(GIVEN RECORDS):
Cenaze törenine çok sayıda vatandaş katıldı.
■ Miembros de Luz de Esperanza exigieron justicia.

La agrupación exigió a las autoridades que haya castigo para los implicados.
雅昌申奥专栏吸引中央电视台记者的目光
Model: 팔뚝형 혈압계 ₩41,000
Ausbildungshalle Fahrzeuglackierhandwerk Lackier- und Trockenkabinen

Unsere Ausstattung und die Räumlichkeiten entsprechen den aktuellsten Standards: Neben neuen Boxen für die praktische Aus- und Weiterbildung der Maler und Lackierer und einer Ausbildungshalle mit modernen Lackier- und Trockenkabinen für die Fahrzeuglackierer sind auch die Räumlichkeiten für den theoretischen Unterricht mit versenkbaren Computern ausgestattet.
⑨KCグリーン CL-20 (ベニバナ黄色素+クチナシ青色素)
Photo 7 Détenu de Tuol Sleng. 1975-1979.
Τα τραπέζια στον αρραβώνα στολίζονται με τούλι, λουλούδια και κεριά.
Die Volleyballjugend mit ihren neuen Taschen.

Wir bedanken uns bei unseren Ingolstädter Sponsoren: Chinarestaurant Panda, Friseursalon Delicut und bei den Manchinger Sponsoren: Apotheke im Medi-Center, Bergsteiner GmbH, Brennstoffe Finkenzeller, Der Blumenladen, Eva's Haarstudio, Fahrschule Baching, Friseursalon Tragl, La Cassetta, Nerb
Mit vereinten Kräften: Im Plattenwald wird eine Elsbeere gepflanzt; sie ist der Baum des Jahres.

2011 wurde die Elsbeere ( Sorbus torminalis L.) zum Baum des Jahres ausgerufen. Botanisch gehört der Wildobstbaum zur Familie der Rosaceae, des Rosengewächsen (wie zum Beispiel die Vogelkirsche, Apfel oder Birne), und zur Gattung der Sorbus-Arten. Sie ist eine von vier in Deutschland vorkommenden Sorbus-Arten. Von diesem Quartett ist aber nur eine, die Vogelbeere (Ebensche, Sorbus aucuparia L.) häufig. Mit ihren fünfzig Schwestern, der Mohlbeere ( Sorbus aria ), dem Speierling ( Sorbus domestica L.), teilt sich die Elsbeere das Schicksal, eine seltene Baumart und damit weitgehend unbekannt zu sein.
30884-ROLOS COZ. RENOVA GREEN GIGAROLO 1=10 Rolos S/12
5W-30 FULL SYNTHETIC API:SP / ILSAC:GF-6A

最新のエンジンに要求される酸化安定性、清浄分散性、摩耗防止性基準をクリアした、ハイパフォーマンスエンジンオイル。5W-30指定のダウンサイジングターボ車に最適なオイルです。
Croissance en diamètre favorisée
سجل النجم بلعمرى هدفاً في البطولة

* * *

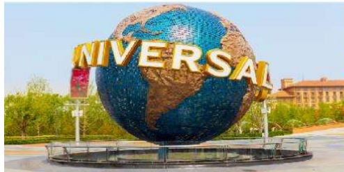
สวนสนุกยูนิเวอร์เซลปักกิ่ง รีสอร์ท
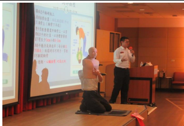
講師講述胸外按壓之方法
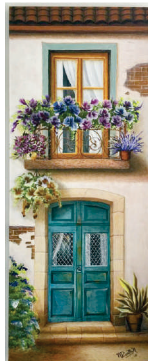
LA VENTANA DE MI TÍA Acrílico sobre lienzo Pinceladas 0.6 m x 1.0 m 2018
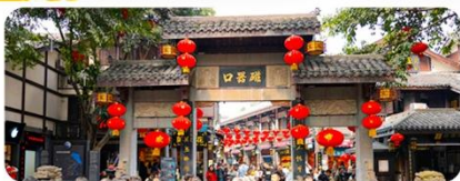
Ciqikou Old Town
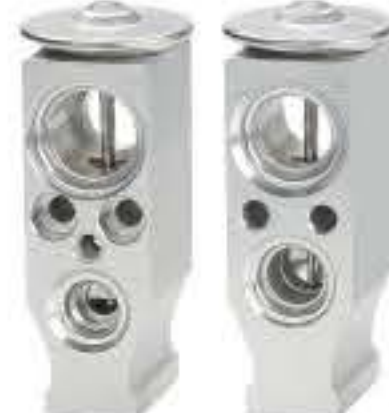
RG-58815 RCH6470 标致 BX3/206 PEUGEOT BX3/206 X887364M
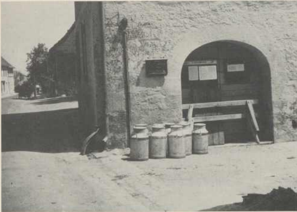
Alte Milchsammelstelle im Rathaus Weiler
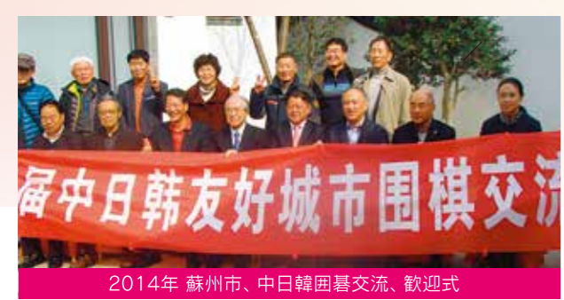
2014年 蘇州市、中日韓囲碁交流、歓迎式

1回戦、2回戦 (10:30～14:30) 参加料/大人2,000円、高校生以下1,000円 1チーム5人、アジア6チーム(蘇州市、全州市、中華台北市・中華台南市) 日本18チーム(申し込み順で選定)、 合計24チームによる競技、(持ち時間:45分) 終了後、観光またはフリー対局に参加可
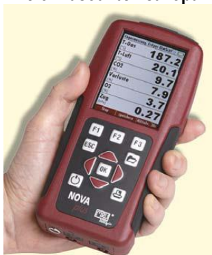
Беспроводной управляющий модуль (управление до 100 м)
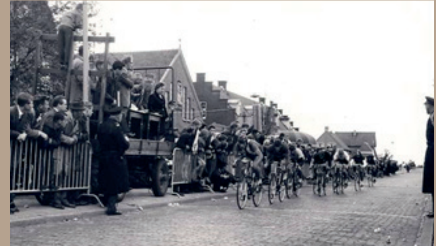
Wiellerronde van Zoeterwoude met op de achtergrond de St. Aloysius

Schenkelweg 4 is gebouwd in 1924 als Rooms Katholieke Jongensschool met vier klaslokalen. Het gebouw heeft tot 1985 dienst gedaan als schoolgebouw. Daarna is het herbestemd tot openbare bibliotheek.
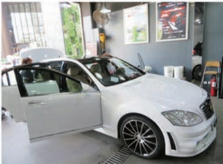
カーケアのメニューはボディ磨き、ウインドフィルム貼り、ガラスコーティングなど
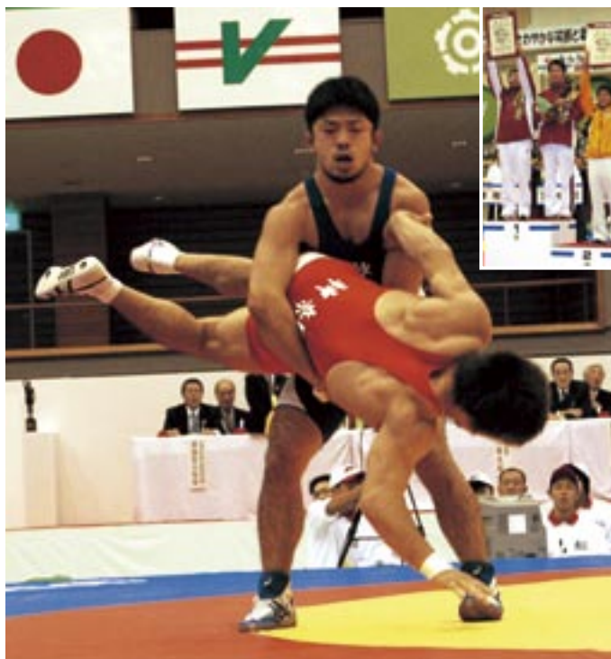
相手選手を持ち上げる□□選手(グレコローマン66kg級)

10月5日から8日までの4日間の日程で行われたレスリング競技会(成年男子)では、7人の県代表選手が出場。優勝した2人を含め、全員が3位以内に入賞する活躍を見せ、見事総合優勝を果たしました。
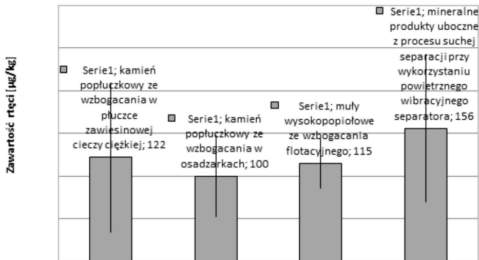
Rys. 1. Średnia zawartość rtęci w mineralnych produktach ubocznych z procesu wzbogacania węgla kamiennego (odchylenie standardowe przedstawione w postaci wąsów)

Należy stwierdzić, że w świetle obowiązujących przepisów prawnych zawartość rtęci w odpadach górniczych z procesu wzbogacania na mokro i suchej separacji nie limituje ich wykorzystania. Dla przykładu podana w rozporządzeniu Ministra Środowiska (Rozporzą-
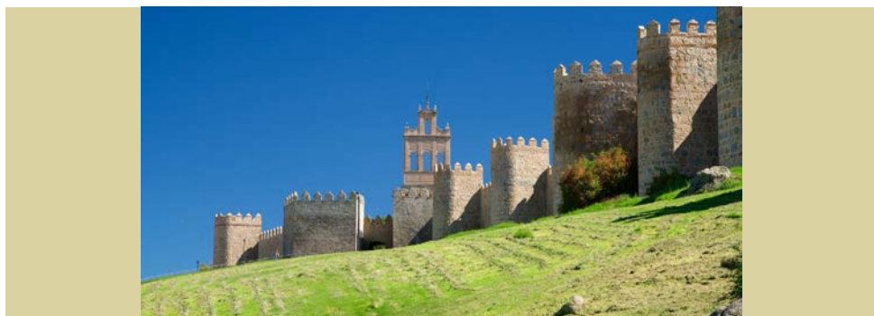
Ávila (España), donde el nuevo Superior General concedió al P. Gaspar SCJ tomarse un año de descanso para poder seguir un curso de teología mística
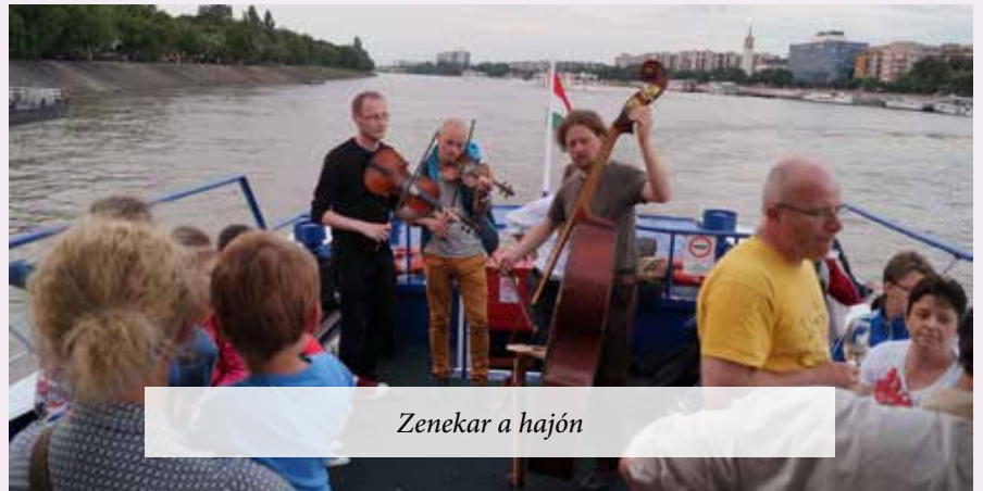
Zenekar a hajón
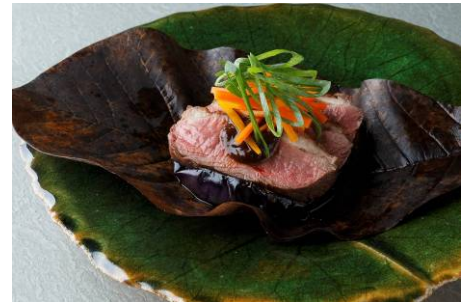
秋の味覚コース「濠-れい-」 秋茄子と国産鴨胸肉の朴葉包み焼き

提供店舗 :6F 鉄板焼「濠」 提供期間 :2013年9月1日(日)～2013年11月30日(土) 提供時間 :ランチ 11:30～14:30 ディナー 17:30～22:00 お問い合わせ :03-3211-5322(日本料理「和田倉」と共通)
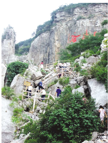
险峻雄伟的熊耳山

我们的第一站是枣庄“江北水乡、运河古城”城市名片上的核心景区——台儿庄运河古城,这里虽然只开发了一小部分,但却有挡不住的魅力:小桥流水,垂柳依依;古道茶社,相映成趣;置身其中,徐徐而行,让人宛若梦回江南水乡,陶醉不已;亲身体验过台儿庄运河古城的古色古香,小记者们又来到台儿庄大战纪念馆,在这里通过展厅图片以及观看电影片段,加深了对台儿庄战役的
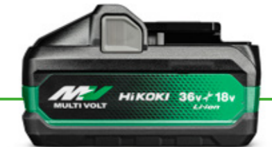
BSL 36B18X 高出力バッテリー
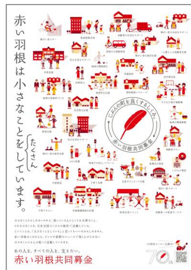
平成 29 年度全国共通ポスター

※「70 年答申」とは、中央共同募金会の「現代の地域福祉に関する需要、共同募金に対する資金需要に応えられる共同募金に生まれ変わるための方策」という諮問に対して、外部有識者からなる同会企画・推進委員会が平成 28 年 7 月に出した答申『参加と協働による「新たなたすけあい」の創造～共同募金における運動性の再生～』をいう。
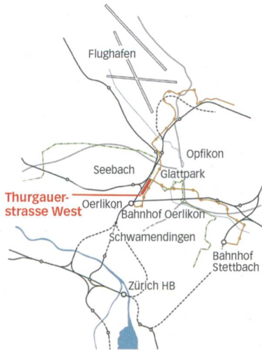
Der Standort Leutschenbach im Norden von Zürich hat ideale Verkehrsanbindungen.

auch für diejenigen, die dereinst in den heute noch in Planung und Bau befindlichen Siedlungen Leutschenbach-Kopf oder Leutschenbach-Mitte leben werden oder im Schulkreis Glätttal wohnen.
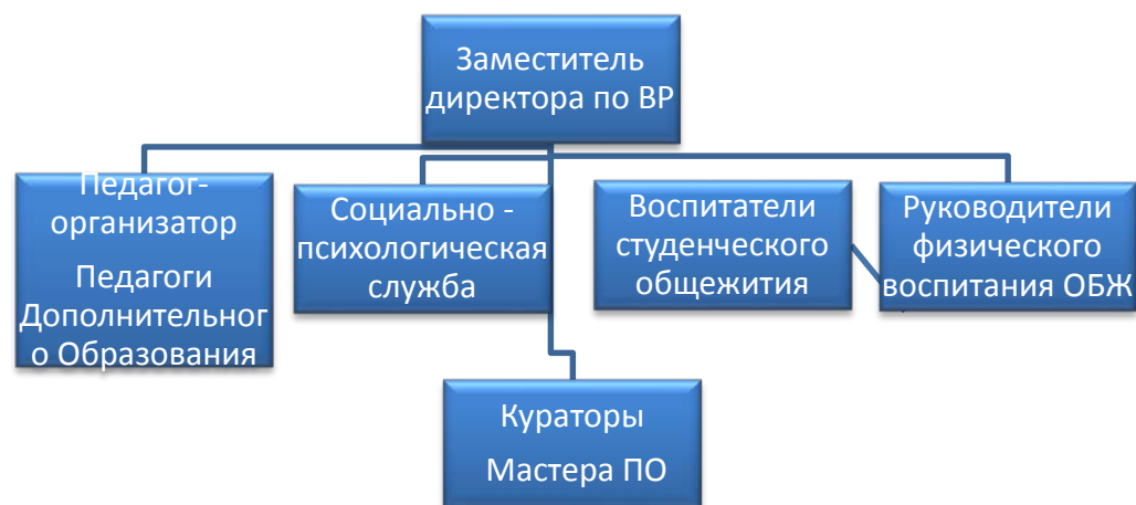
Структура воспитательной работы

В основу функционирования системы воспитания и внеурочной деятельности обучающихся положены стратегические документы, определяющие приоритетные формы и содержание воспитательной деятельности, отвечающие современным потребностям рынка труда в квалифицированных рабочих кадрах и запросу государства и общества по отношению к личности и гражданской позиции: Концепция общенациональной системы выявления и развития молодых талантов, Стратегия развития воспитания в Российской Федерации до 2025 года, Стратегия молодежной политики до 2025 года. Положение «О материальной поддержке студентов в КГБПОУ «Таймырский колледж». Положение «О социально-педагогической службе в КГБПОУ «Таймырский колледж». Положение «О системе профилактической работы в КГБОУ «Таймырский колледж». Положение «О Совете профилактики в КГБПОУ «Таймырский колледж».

--

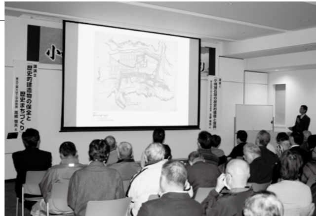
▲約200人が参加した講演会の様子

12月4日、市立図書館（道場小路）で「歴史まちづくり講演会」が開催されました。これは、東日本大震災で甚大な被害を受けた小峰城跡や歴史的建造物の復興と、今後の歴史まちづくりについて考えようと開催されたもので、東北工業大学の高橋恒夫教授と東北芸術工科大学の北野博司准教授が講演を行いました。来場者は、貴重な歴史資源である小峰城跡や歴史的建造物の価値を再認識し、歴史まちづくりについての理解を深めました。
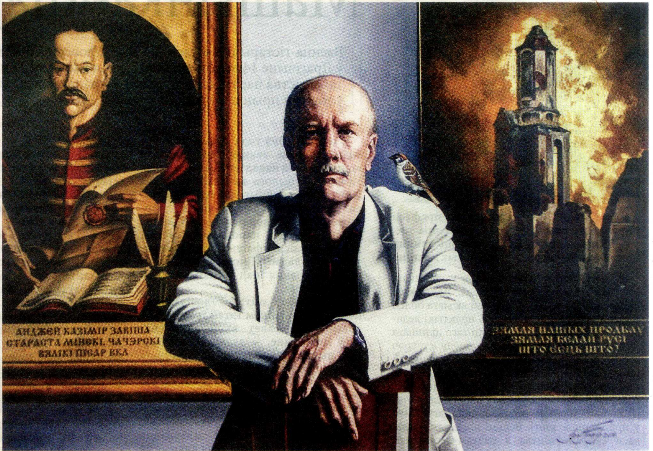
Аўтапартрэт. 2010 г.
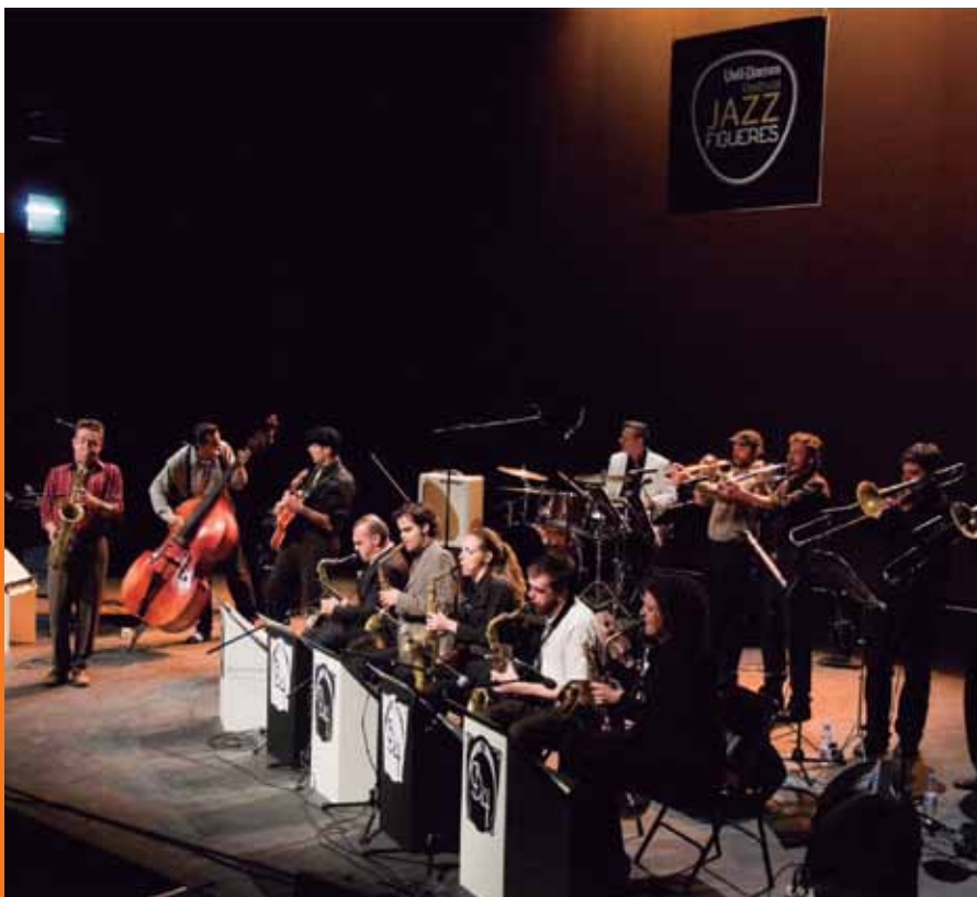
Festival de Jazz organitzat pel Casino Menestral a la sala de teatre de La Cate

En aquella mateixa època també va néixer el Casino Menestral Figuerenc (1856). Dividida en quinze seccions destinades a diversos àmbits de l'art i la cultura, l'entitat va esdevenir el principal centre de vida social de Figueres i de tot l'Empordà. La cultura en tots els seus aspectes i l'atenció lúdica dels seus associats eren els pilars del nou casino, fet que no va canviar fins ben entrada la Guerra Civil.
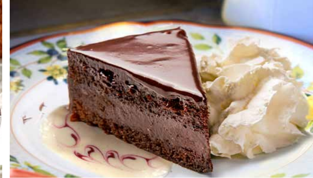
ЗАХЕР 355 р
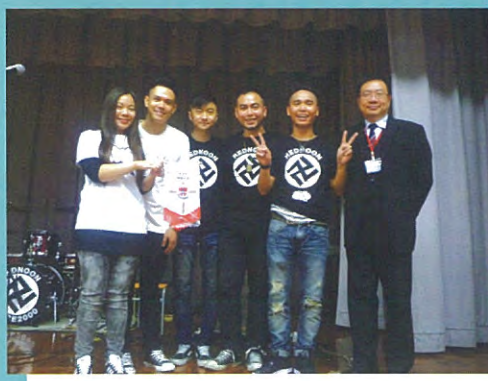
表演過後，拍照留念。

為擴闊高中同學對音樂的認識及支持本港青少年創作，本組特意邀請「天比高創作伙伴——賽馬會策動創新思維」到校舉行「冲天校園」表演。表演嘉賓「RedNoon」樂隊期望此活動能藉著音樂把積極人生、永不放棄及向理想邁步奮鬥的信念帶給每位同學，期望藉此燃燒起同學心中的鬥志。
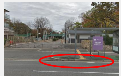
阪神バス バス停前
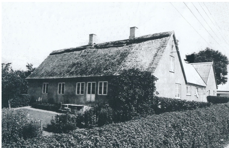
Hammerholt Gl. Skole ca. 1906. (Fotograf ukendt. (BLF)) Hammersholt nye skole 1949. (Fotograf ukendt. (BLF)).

(WHAT YOU ARE ASKED TO DO):
Look through the listing and return each line containing the word "Trockenkabinen".

(EXERCISE SOLUTION):
Ausbildungshalle Fahrzeuglackierhandwerk Lackier- und Trockenkabinen
Unsere Ausstattung und die Räumlichkeiten entsprechen den aktuellsten Standards: Neben neuen Boxen für die praktische Aus- und Weiterbildung der Maler und Lackierer und einer Ausbildungshalle mit modernen Lackier- und Trockenkabinen für die Fahrzeuglackierer sind auch die Räumlichkeiten für den theoretischen Unterricht mit versenkbaren Computern ausgestattet.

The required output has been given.